Surgeon’s appeal of life sentence rejected

Johnny Benjamin

The latest chapter in the real-life tragedy authored by Johnny Benjamin was written earlier this month when the once-prominent Vero Beach orthopedic-surgeon-turned-drug-dealer failed to convince a federal appeals court that he wasn’t responsible for the death of a 34-year-old Wellington woman.

A three-judge panel of the U.S. Court of Appeals for the Atlanta-based 11th Circuit has upheld the life sentence imposed in 2018 after Benjamin was convicted on charges he produced and distributed counterfeit fentanyl-laced pills consumed by Maggie Crowley, who died of a drug overdose in September 2016.

In denying the appeal, the judges flatly rejected all of Benjamin’s arguments, including his claim that law enforcement authorities did not prove he produced the drugs that led to the woman’s death.

In his 24-page ruling, Judge Stanley Marcus wrote that prosecutors introduced “more than sufficient evidence to permit a reasonable jury to find beyond a reasonable doubt” Benjamin distributed the furanyl fentanyl – a powerful synthetic opioid – that caused Crowley’s death.

Marcus cited text messages found on the woman’s cellphone as evidence linking the drugs to Kevan Slater, a Royal Palm Beach man who sold her the pills. Slater said he received the drugs from Zachary Stewart, a Port St. Lucie man who testified that Benjamin was the “ultimate source” of the pills, the ruling stated.

Both Slater and Stewart pleaded guilty to drug charges and cooperated with prosecutors.

Investigators corroborated the accomplices’ stories with “compelling circumstantial evidence, including pill-manufacturing paraphernalia with traces of furanyl fentanyl found in Benjamin’s home and in his storage unit, and the extensive fentanyl-related search history discovered on his office computer,” Marcus wrote.

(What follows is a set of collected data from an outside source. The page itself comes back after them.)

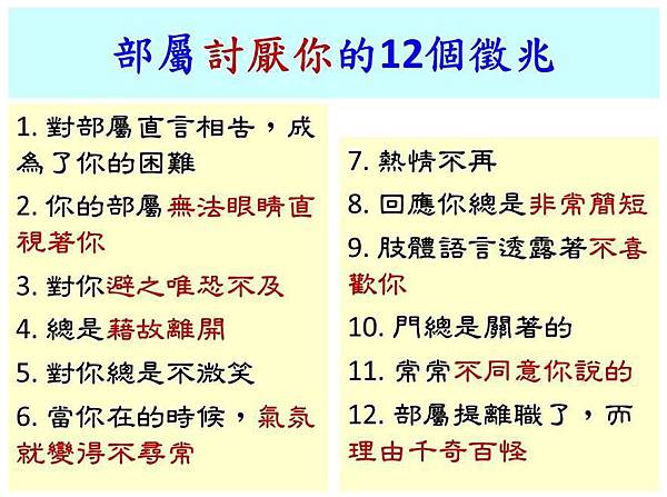 職場專家與《Tame Your Terrible Office Tyrant》的作者Lynn Taylor談到,你的部屬只會私底下地談論你有多麼地討人厭,因為他們還想保住飯碗。但如果你能早點發現這些被討厭的訊號,就能快點作出反應,然後改進自己的行為,重新獲得部屬的信任。JACQUELYN SMITH在《Inc.》雜誌網站上,提到了14個,你可能已經被部屬狠狠討厭的徵兆,早點察覺它,就能重新獲得部屬的尊重!
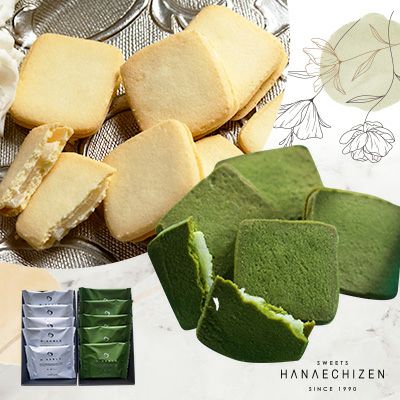 福井名産やわらか羽二重餅とまろやかなホワイトチョコをさくさくのサブレでサンドした羽二重サブレ、福井名産やわらか羽二重餅とほろ苦な宇治抹茶チョコをバターたっぷり抹茶サブレでサンドした羽二重サブレ抹茶をセットで。
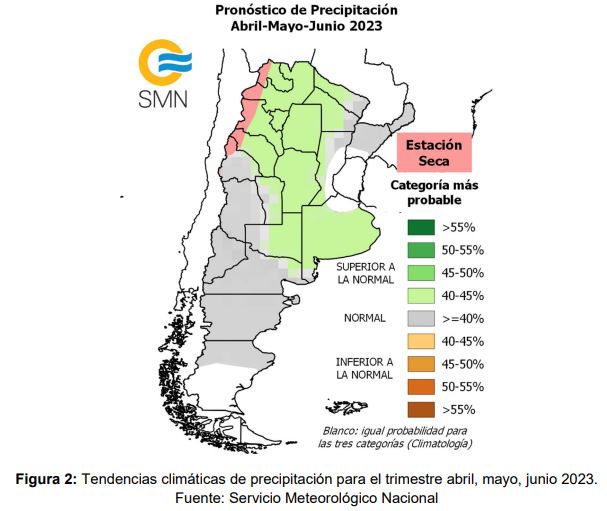 Figura N° 1: Ubicación de los sitios participantes de la Red de Soja. Referencia: Verde: > 60% Agua Útil; Amarillo: < 60% y >30 % y Rojo: < 30% de Agua Útil. Luego de analizar los valores de agua útil obtenidos es fundamental la ocurrencia de precipitaciones para poder acumular agua en el perfil hídrico para la campaña 23/24. Según las tendencias climáticas para el trimestre abril, mayo, junio emitido por Servicio Meteorológico Nacional, las precipitaciones para el oeste de la provincia serán normales o mayores a lo normal, mientras que hacia el este las tres categorías: normales, inferiores o superiores tienen la misma probabilidad de ocurrencia (Figura 2)
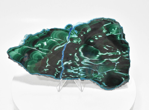 Polished Malachite, Chrysocolla and Cornetite slice with stand. The slice has been repaired in the Congo. The Malachite has a slight Chatoyantcy.
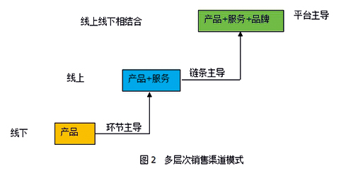 在互聯(lián)網(wǎng)時代下,科學的做法就是結(jié)合傳統(tǒng)銷售渠道與新型銷售渠道構建多方式、多層次的銷售渠道模式,形成以產(chǎn)品為核心的線下銷售渠道(產(chǎn)業(yè)鏈環(huán)節(jié)主導)、以產(chǎn)品+服務為核心的線上銷售渠道(鏈條主導)、以產(chǎn)品+服務+品牌為核心的O2O渠道(平臺主導),也就是利用TRIZ創(chuàng)新方法的中介物原理,為買方和買方搭建一個相互聯(lián)系、共同交流交易的網(wǎng)絡營銷平臺,形成線上線下結(jié)合的平臺化營銷模式,如圖2所示。
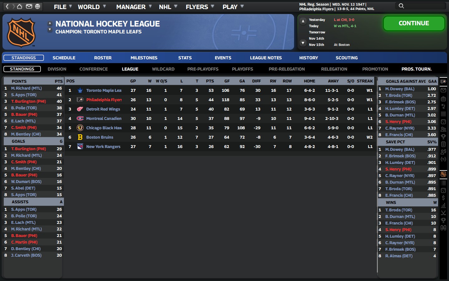 11/21: PHI 8, CHI 1; Goals- CHI: M. Bentley (21), PHI: Evanshen (6), Halder (6), Smith (27), Rittinger 2 (9), Rouse 2 (3), Stearns (11); A- 6,460 Another dominating effort from the Flyers, scoring 3 in the first and third periods. 11/25: PHI 4, NYR 2; Goals- PHI: Smith (28), Rittinger 2 (11), Stearns (12), NYR: Johnston (1), Gardner (7); A- 6,359 The Flyers come back from a 2-0 first period deficit with four unanswered, with another great goaltending effort from Sugar Jim Henry. 11/28: DET 3, PHI 2; Goals- PHI: Evanshen (7), Bauer (17); DET: Bruneteau (7), Conacher (10), Stewart (3); A- 13,783 In a crazy game between backup goalies with 135 shots between the teams, a league record, Detroit ends up with the victory as Jack Stewart pockets the winner with 2:23 to play. Philly is holding the lead in 2nd by a scant two points. Last edited by Sctvman; 01-14-2025 at 12:44 AM. |
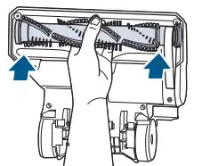 - Rotate brush roll into place and line up end caps.

Marcus, joined in his May 8 ruling by Chief Judge Ed Carnes and Judge Robert Luck, also found “no merit” in Benjamin’s scattershot claims that U.S. District Judge William P. Dimitrouleas made several mistakes during the seven-day trial in Fort Lauderdale.

Benjamin, now 54, argued Dimitrouleas erred when he:

  • Denied Benjamin’s motion to suppress evidence obtained from federal drug agents’ search of his bags on Oct. 6, 2017, when, dressed in scrubs, he was stopped at the Orlando-Melbourne International Airport, where he was carrying thousands of pills in a backpack and a ticket to Philadelphia.
  • Failed to instruct the jury that Benjamin had to have knowledge that furanyl fentanyl was a counterfeit drug chemically similar to other controlled narcotic substances – a claim made for the first time in the appeal.
  • Abused his discretion by choosing to not investigate juror misconduct after a document listing the “Do’s and Don’ts of Jury Deliberations” was found in the deliberation room.

“Finally, Benjamin argues cumulative error,” Marcus wrote, but the judges rejected that argument, too.

Benjamin’s Miami-based attorney, Philip Reizenstein, did not return a message left at his office.

Benjamin, who was arrested six days after his pills were seized at the Melbourne airport, was convicted two years later on five drug charges. He was found not guilty of two related weapons charges.

The Florida Board of Medicine revoked Benjamin’s license to practice in December 2018. Until then, he was a partner in the Pro Sports Pro Spine orthopedic group in Vero Beach and owned a home on the barrier island.